EXAMPLE 102 preparation of (FL 102) 4- (4-fluoro-4- (((3- (2- (trifluoromethoxy) phenyl) -5- (2- (trifluoromethyl) cyclopropyl) isoxazol-4-yl) methoxy) methyl) piperidin-1-yl) -1-methyl-1H-indole-3-carboxylic acid
The preparation method is the same as that of example 1, and the target product FL102 is prepared. 1 H NMR(500MHz,CDCl 3 )δ9.26(s,1H),8.43(dd,J=14.4,3.7Hz,1H),7.78-7.36(m,3H),7.24-7.01(m,2H),6.12(dd,J=15.0,3.1Hz,1H),4.91(s,2H),3.74(t,J=25.2Hz,5H),3.32(ddt,J=105.9,24.7,11.3Hz,4H),2.22-1.56(m,5H),1.57-0.83(m,3H).LRMS(EI)m/z 656(M + ).
Pharmacological Activity test examples
Example 1
The screening method comprises the following steps:
number 142
Name FXR-luciferase model agonist screening
The instrument comprises:
microplate detector: enVision (TM) (PerkinElmer)
Materials:
screening plates: viewplate-96 white 96 microwell plate with clear bottom
The detection kit comprises: fluorescent insect fluorescence reporter gene detection kit (Britelite plus type)
The process is as follows:
co-transfecting the FXR expression plasmid and the FXRE luciferase reporter plasmid to 293T cells, culturing the cells in a 96-hole flat-bottom microplate, ensuring the expression of the plasmids, and adding an FXR agonist. The activation degree of the agonist is calculated and quantitatively determined by detecting the fluorescence signal intensity of the luciferase. Wherein during primary screening, 10 μ M of OCA acts on cells, respectively determining the relative activity of the compound to be tested on positive compound, re-screening the compound with relative activity higher than 50% of that of the positive compound, and calculating the dose dependence relationship, i.e. EC 50 The value is obtained.
Sample treatment:
the samples were dissolved in DMSO and stored at low temperature, and the concentration of DMSO in the final system was controlled within a range that did not affect the detection activity.

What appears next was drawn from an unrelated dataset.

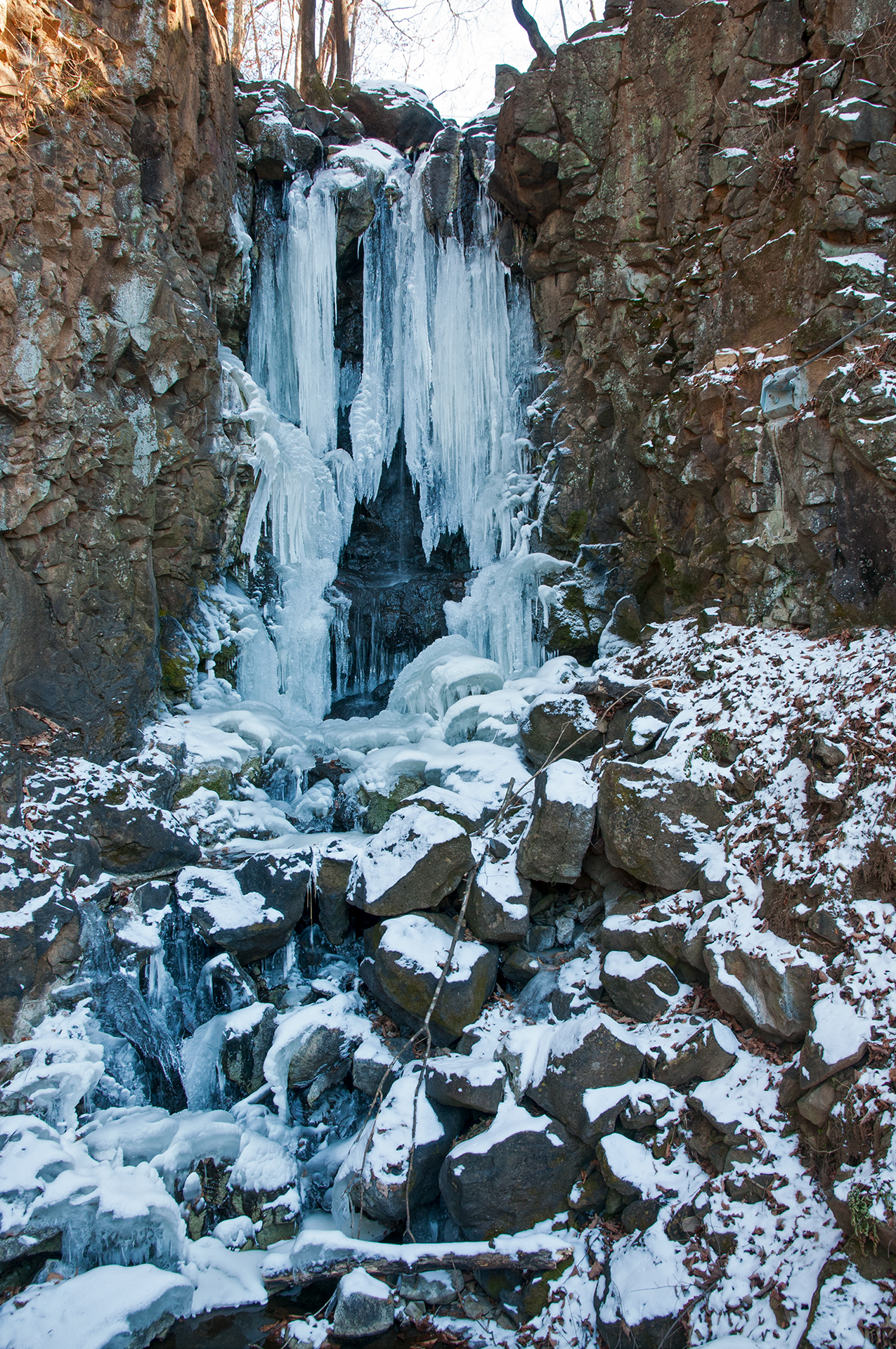 바위그늘교를 건너 산 위로 올라가는 코스, 산너머에서 해가 드니 빛이 드리울 시간이 없었는지 눈이 제법 많은 곳이다.

Data processing and results description:
the activity of the sample is tested under a single concentration condition, e.g., 20. Mu.g/ml, for primary screening. For samples that exhibit activity under certain conditions, e.g., a% inhibition greater than 50, the activity is tested for dose dependence, i.e., IC 50 /EC 50 Values, obtained by nonlinear fitting of sample concentrations by sample activity, were calculated as Graphpad Prism 4, the model used for fitting was sigmoidal-response (variable slope), and for most inhibitor screening models, the bottom and top of the fitted curve were set at 0 and 100. In general, each sample was tested with multiple wells (n.gtoreq.2) and the results were expressed as Standard Deviation (SD) or Standard Error (SE). Generally, each test has a reported compound as a reference.
Figure BDA0001653521430000591
Through activity tests, a plurality of compounds of the invention have excellent pharmacological activity. EC of multiple compounds such as FL3 and FL10 at cellular level 50 Less than 10nM, better than the positive compounds OCA (obeticholic acid) and FL4-13, and stronger pharmacological activity.
FL4-13:
Figure BDA0001653521430000601
Example 2 Thioacetamide (TAA) -induced hepatic fibrosis model experiment in rats
To further evaluate the efficacy of the compounds, we performed TAA-induced rat liver fibrosis model experiments.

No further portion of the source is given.